Tree Rings As Natural Recorders of Climatic Variability and
Change: Their Properties, Strengths, and Limitations
Edward R. Cook
Lamont-Doherty Earth Observatory
Palisades, New York 10964
Climatic variability and change on decadal to centennial
time scales is not as well understood as we would like in terms of its history
and its causes. This knowledge gap
is critically important to close if we are to understand more completely the
degree to which human activities have resulted in the many anomalous patterns
of climate variability being observed today. Long tree-ring records have played a significant, if
sometimes controversial, role in closing this knowledge gap by providing
exactly dated, annually resolved reconstructions of past climate (e.g.,
temperature, rainfall, drought) covering the past 500 to 1000 or more
years. These reconstructions have
in some cases been pivotal in testing various hypotheses regarding the relative
contributions of natural and anthropogenic forcing. Yet given the great progress made over the past few decades
in reconstructing climate from tree rings, there is still a significant amount
of doubt and misunderstanding among some about how it is all done. Much of this doubt and misunderstanding
relates to the fact that tree-ring analysis is largely a stage-wise set of
statistical procedures applied to an ensemble of biological times series
without any direct knowledge about how those time series developed through
time.
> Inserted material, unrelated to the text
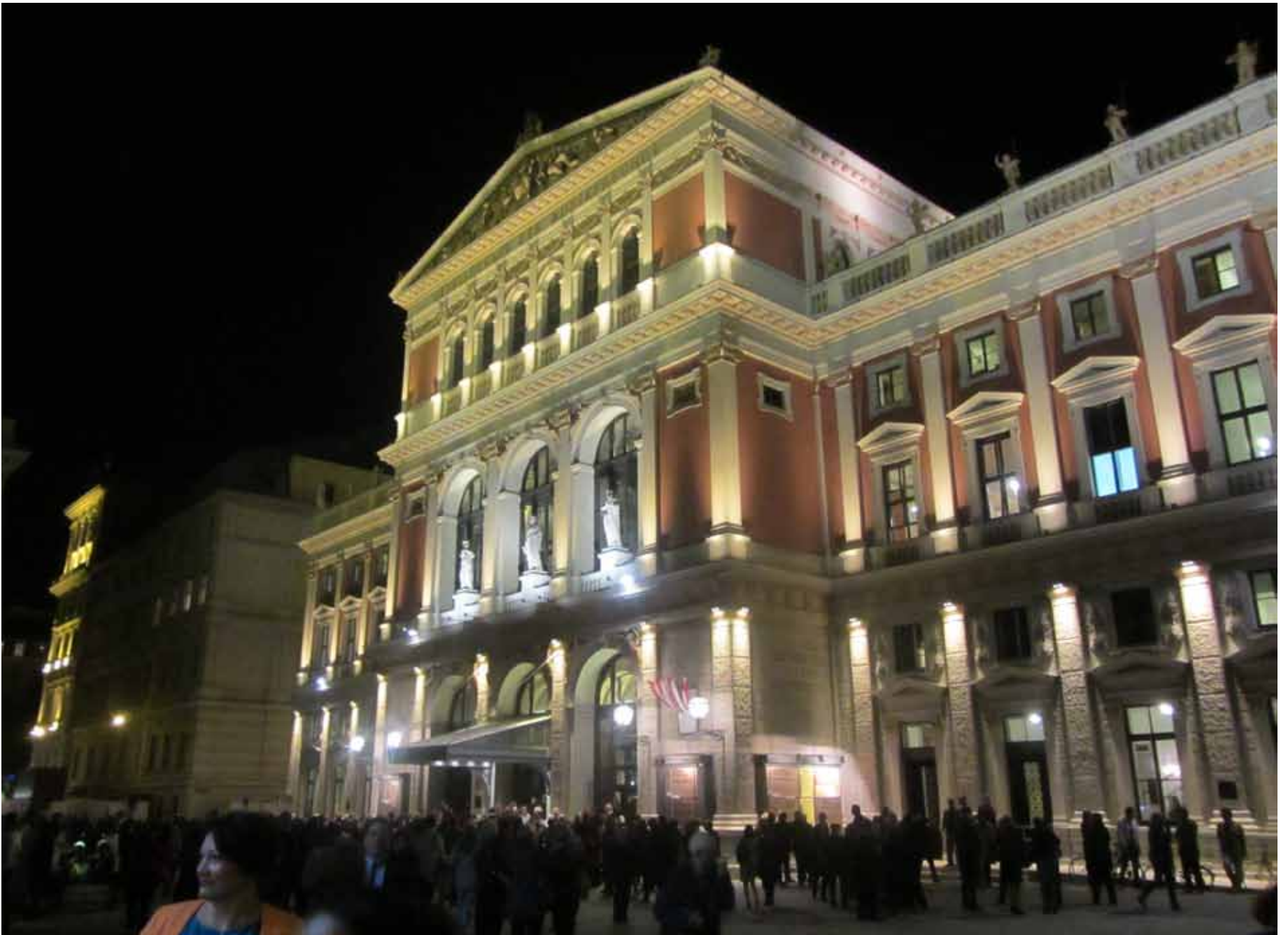
The Wiener Musikverein Concert Hall.

The ensemble in this case is
a collection of cross-dated (i.e., exactly cross-matched in time) ring-width
measurement series obtained from many trees of the same species growing in the
same stand and, therefore, in the same environment, and the tree-ring
chronology used for climate reconstruction is a mean-value function derived
from the ensemble. Thus, the
ensemble provides the basis for estimating the empirical uncertainty in any given
tree-ring chronology used to reconstruct climate. This being the case, each stage of statistical
processing used on the ensemble will have a different level of uncertainty, and
some of it will be unquantifiable in any climatically meaningful way. Therefore, the estimated
uncertainty in any tree-ring chronology is probably best regarded as a ?best
guess? that is conditional on how the tree-ring data were processed. One might at least expect that
minimizing the mean square error of the final chronology would be a reasonable
goal. Paradoxically, that is
not the case because doing so generally results in an unacceptable loss of
climate variability at decadal to centennial time scales in the final chronology. These issues will be described
and illustrated by example in the development of a 1000-year long temperature
reconstruction from tree rings.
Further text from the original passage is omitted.